The oil industry has always been the driving force in Putin’s economic policy.  It was expected to save the country from economic degradation.  The creation of an “energy superpower” is an ambitious yet unsophisticated development concept that Putin and his close circle chose for the country a while ago.  The authorities’ only task was supposed to consist in distributing oil revenues from rising energy prices.  However, instead of rising, prices plummeted. Now that oil companies have no more money and enormous debts, it is them that need saving.

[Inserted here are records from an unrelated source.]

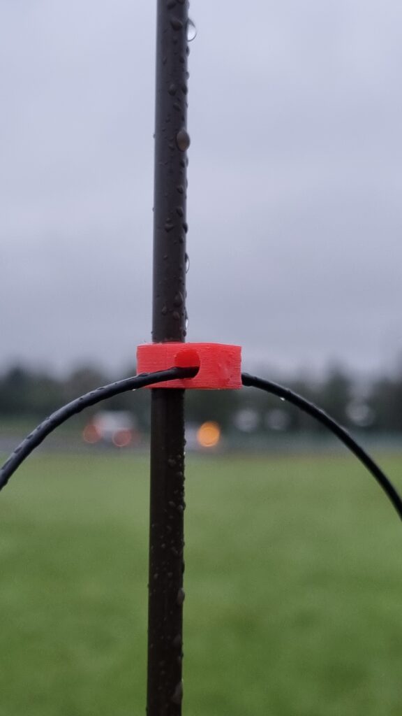 Wet QMXHalf wave wire for 20m with K6ARK matching transformer.The top piece I designed and 3d printed from TPU for the antenna wireNice view!
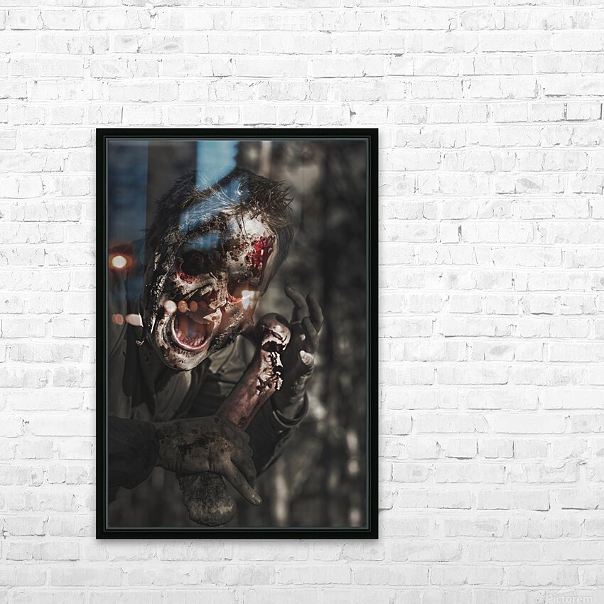 Evil male zombie screaming out in bloody fear Picture Frame Printing
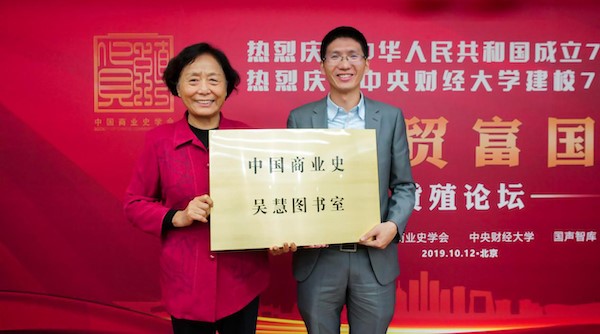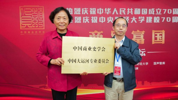 学术交流后,中国商业史学会常务副会长李涛主持授牌仪式,王茹芹会长对中央财经大学授牌“中国商业史吴慧图书室”;对上海交通大学授牌“中国商业史学会中国大运河专业委员会”。
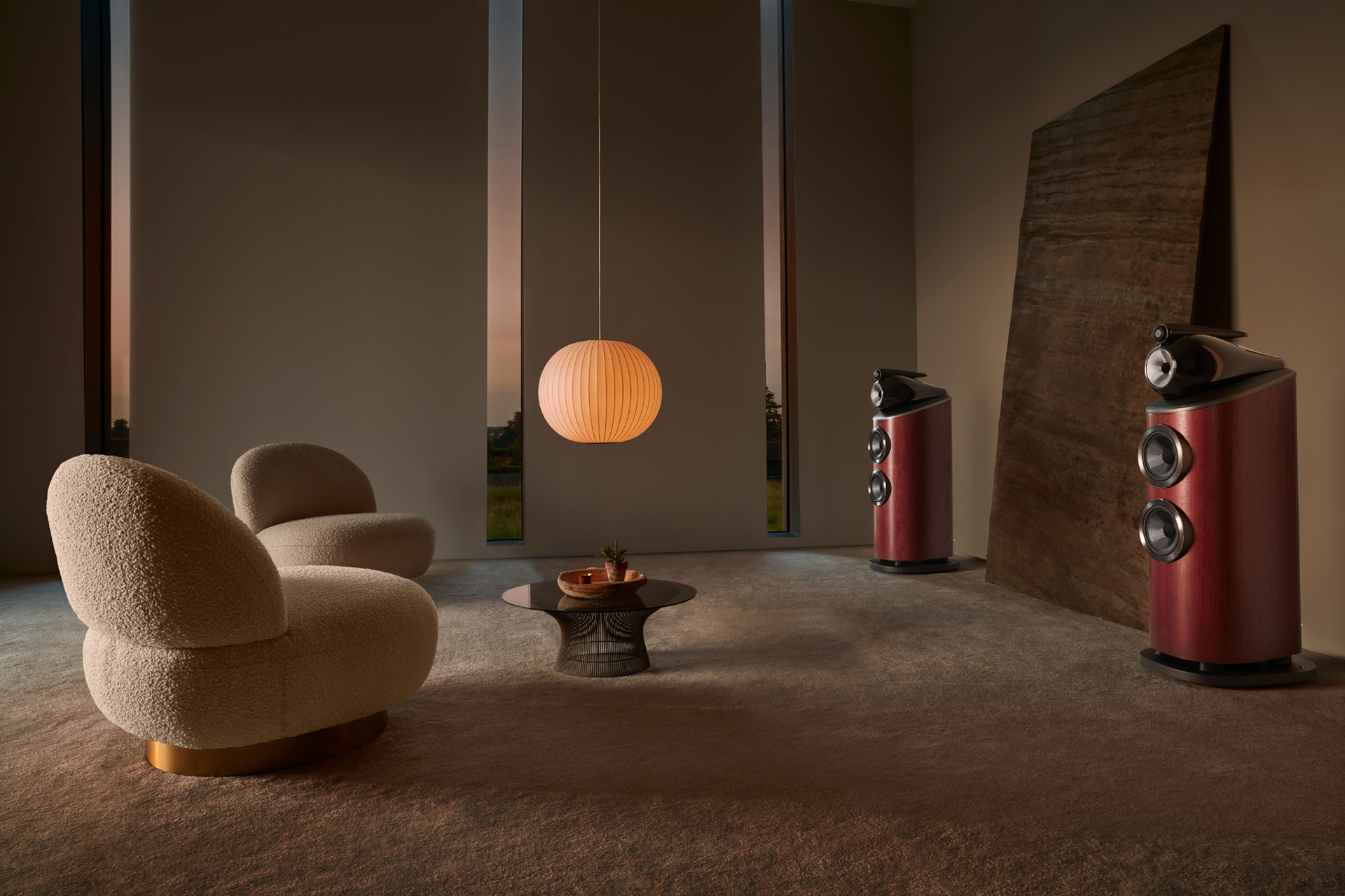 803 D4 mounts two Aerofoil™ bass cones in twin solid aluminium bass pods, each of which is clamped into an aluminium plate fixed to the stiffest part of its curved cabinet. Formed as single pieces of metal, these stiff structures provide the perfect mechanical location for those powerful bass cones.

Oil businessmen are panicking. Lukoil President Vagit Alekperov says that “oil businessmen have no money left”. Rosneft’s debt to be paid this year reaches $14 billion. Its market capitalization, however, fell to $29 billion. Just for comparison, in 2006, Rosneft’s market capitalization after IPO reached $79.8 billion; and after the purchase of TNK-BP in 2013 for $56 billion, its market cap went up to $96 billion.  After a long-term agreement between China’s CNPC and Rosneft for supplying 365 million tonnes of oil to China over the next 25 years had been signed in 2013, it was assumed that Rosneft would use CNPC’s money to pay off its debts.   However, according to Sberbank CIB, as of the beginning of 2016, Rosneft has probably already exhausted its entitlement to advance payments from CNPC that were capped at 30 percent of the contract value and amounted to $35 billion. Due to a drop in world energy prices, Rosneft is now supposed to supply to CNPC almost half of the oil specified by the agreement just to cover the already accumulated debt.

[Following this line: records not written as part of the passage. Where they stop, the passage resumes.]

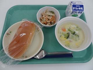 チーズパン 牛乳 野菜たっぷりクリームシチュー れんこんサラダ
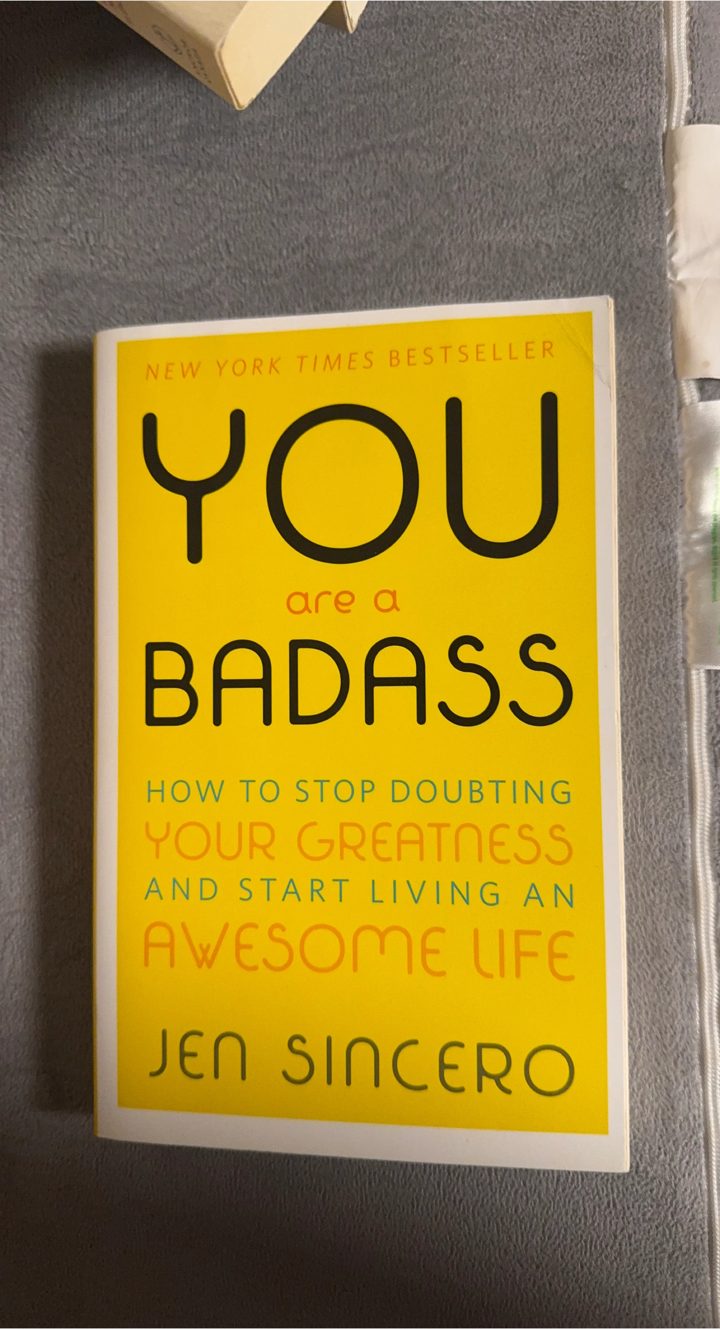 This is the New York Times bestselling book, "You Are a Badass: How to Stop Doubting Your Greatness and Start Living an Awesome Life." It's written by Jen Sincero. This self-help book guides readers to overcome self-doubt and embrace a more awesome life. It's a great read for anyone looking for motivation and personal growth!
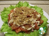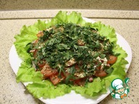 На салатные листья - ветчину, сверху соус и немного (столовую ложку) грецких орехов |
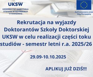 Rekrutacja Erasmus+ dla Doktorantów Szkoły Doktorskiej – semestr letni 2025/2026
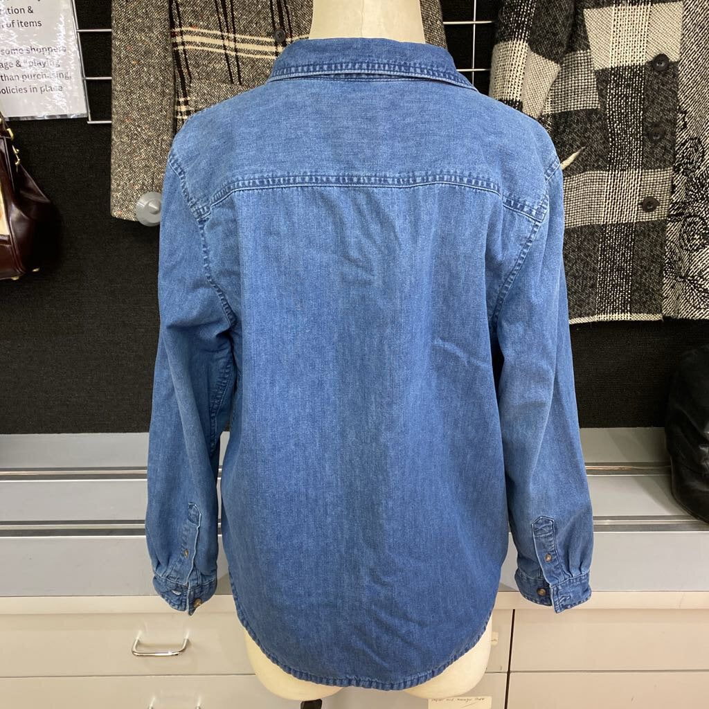 LL Bean plaid lined denim top M
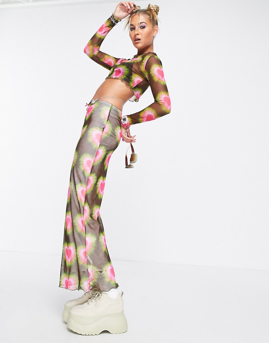 Tammy Girl zielona spódnica maxi z kokarda w talii we wzór w serca 38
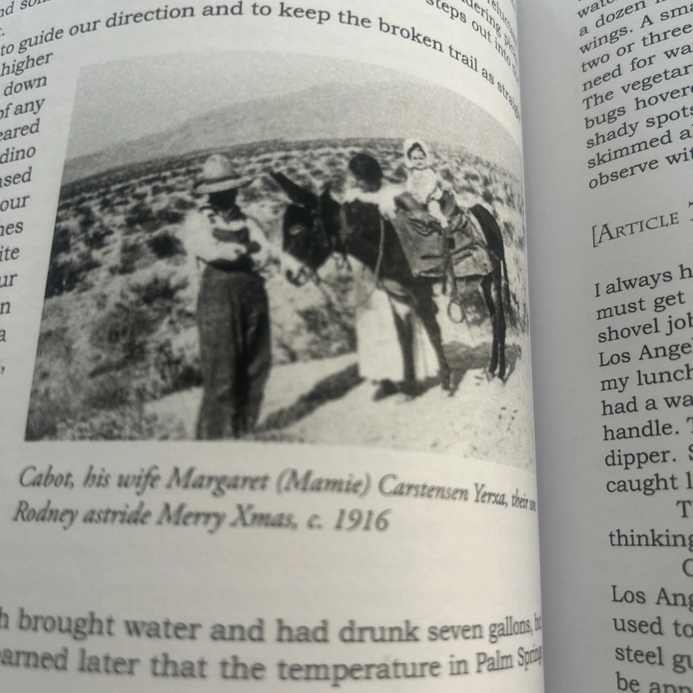 . Welcome to myvivabooks page !!!!! Today we have for sale this item Take a look ! On The Desert Since 1913 Yerxa, Cabot Abram Published by Cabot's Museum Foundation, Desert Hot Springs, 2011 NICE as pictured First Edition a great condition softcover appears unread clean 203 pages. Many rare photos. In the 1950s, Cabot A. Yerxa published 280 newspaper columns describing his struggles and joys as a Desert Hot Springs-area homesteader from 1913 to 1918, his discovery of the "miraculous" hot water aquifer, his observations of desert life, and his friendships with Hollywood celebrities at the nearby B-bar-H Ranch in the 1930s and 40s. This book offers generous selections from those columns, plus a chronology of Cabot's early years, an interview covering his trips to the Alaska Gold Rush, a glimpse into his later life as proprietor of Cabot's Old Indian Pueblo Museum, , 22 509 home I ship well protected from California , USA media mail and books can take 14 days , most take less than 10 days . Please let us know if you have any special request or questions about this book. We don't ship overseas,sorry. We pack with bubble wrap and new containers, record boxes regular boxes with tracking items over 50.00 insured .
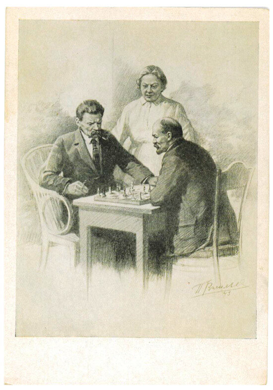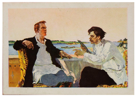 Similarly, the cards in Figure 25 and Figure 26, issued in 1957, feature works by the artist P.V. Vasiliev, and they reunite Gorky with his “friend” Lenin. In the first, entitled “V.I. Lenin and A.M. Gorky listen to a pianist,” we see them as men of fine tastes. The second card depicts them playing chess under the watchful eye of Nadezhda Krupskaya, Lenin’s wife.4 Such scenes must be based at least in part on fantasy, given Gorky’s bitterness toward the role Lenin played in orchestrating the October revolution and his own departure to Sorrento in 1921, in some accounts at the forceful urging of Lenin. These paintings—and their dissemination through postcards—illustrate the mythmaking around both men, especially in the post-Stalin period.

To make the matters worse, Putin’s oil businessmen do not know how to economize. They have been living for years with a hard-to-break habit of spending money without stint.   In this context, it is no surprise that the anti-crisis plan prepared by the government does not include a proposal to reduce top executive salaries at state-controlled companies.  Oil companies do not intend to cut expenses on their employees. All companies except for Rosneft are planning to index salaries and compensations in the current year.  Rosneft sort of decided to economize by paying all the usual bonuses to the management, although without raising salaries.

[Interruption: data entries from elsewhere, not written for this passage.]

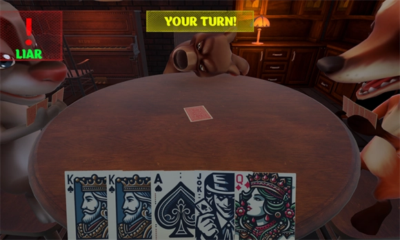 在《骗子酒馆》的正版游戏里,玩家将踏入一个遍布狡黠又聪慧的动物角色的奇妙天地。在这里,大家要依靠出牌和报出牌值的方式,与其他玩家展开一场场智谋的交锋。这款游戏的核心魅力正是“欺骗”——你既可以如实报出牌值,也能选择撒谎来干扰对手的判断。不过得格外谨慎,一旦谎言被戳穿,就会触发紧张刺激的俄罗斯轮盘惩罚环节,这无疑是对胆量与运气的双重考验。游戏里的每一个抉择都可能扭转局势,而每一轮出牌,都是一次心理博弈与策略运用的精彩对决。
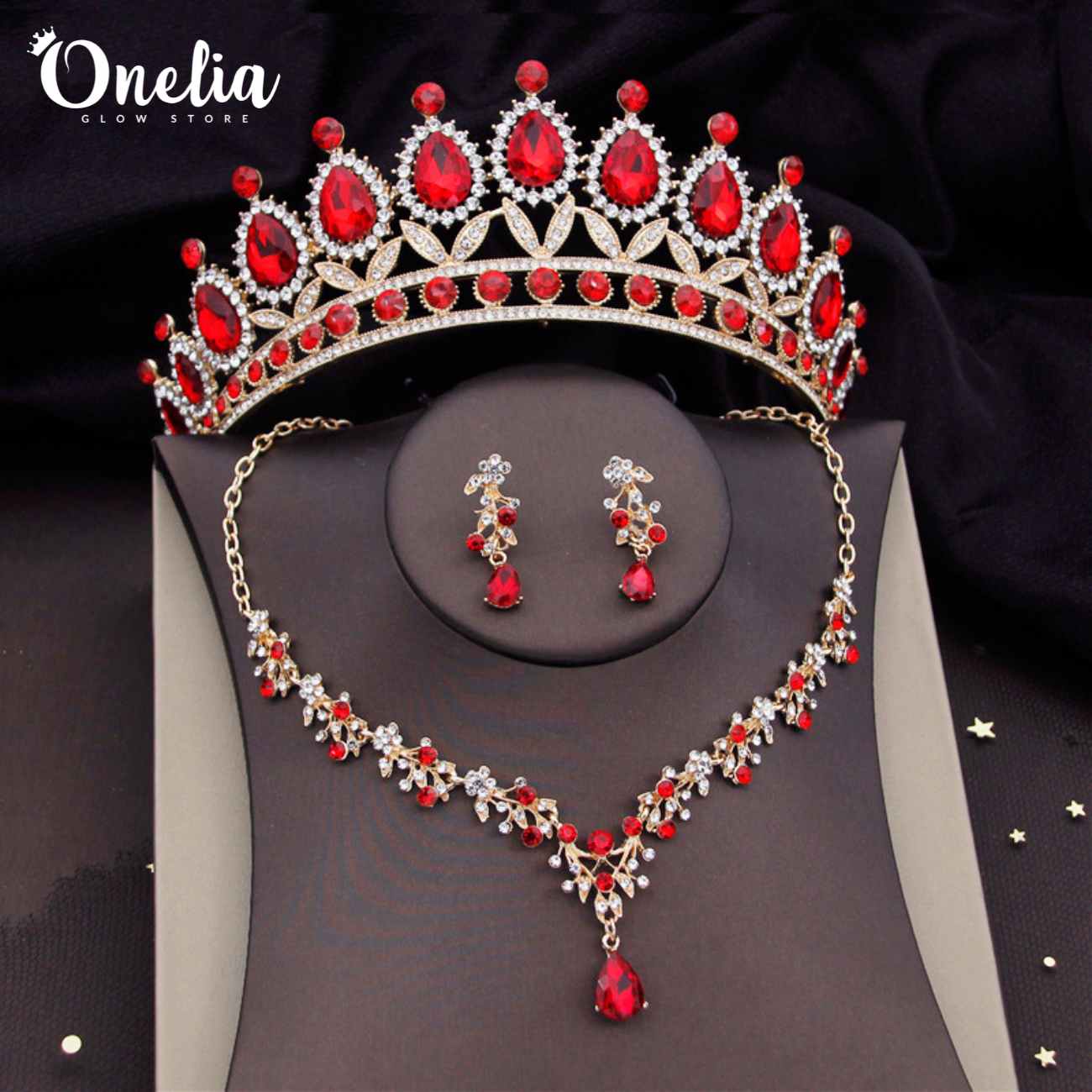 Set tiara SOFÍA + aretes y collar LYRA – Dorado con piedras rojas - Onelia
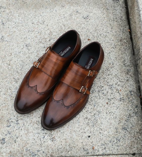 Unique Men's Brown Attractive Style Leather Shoes, Hand Stitch Double Monk Wedding Shoes
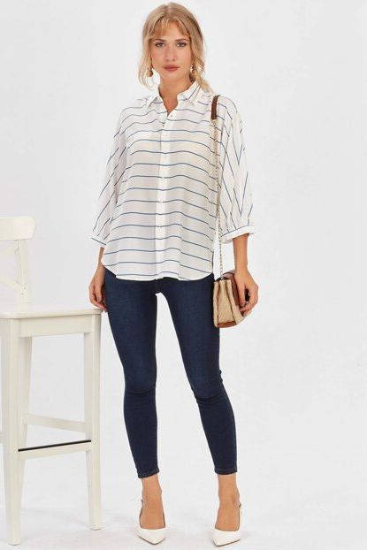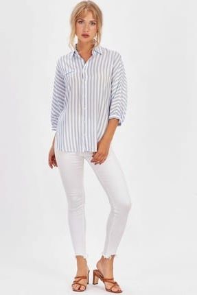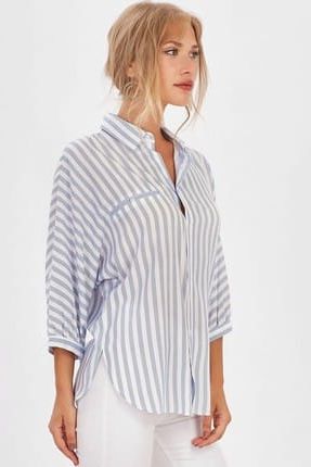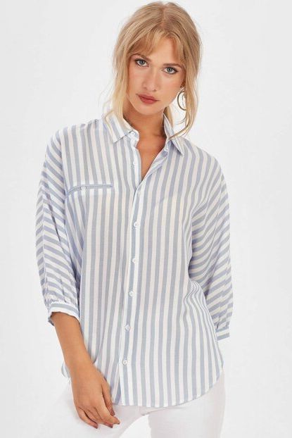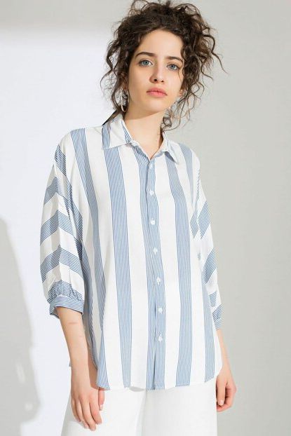 Kadın Mavi Kalın Çizgili Yarasa Kol Gömlek ALP-9YB256GML ... ürününü indirimli fiyatıyla trendyol.com sitesinden satın alabilirsiniz.

As for the government, it is frantically looking for additional revenue sources to fill gaps in the federal budget.  Economic Development Minister Alexei Ulyukayev suggested privatizing a “small piece” of Rosneft or, more specifically, selling off a 19.5 percent stake in the company, while Ministry of Finance and Deputy Prime Minister Arkady Dvorkovich wishes Rosneft to pay out additional dividends to patch up holes in the federal budget. In response, Rosneft’s representative cautiously called the government’s intentions “slightly strange”. It is clear that Rosneft CEO Igor Sechin uses all his influence in the Kremlin to prevent implementation of the proposals to pluck his oil giant.

Left without the usual profit margin, oil businessmen demand that the government leave them alone. Only yesterday, they positioned themselves as a national patrimony, thanks to which doctors and teachers got paid and pensioners received their pensions.  Rosneft fought with Gazprom for the right to be called the country’s largest taxpayer. Now, however, oil companies demand that the government should not raise their tax burden but leave them alone. They are in no mood for demonstrating their commitment to social responsibility.

Picture: profi-forex.org
Picture: profi-forex.org

With a production cost of $10 to $15 per barrel and world oil prices reaching $100 per barrel, Russia’s profit margin was sizeable enough for all those “feeding off the oil pipe,” that is for both oligarchs and the country’s population tamed by them.  Today, nobody would dare to predict when world oil prices will again reach high levels. This is why both the Russian state that is sitting on the oil needle and oil businessmen will have to economize. Oil producers have no money for the development of new oil fields. The methods used to exploit the old ones are mostly barbarous. As a result, large volumes of easily accessible oil are extracted. The rest of the oil — whose extraction demands some effort – will remain untouched till better days in some distant future. This was the way to do it in the USSR, and it is now being adopted by Putin’s “most effective” managers with the world’s most competitive wages.  It is Russia that will pay for Putin’s strategic mistakes. Everything valuable has been given away to people like Rosneft’s Sechin, and their survival justifies any means.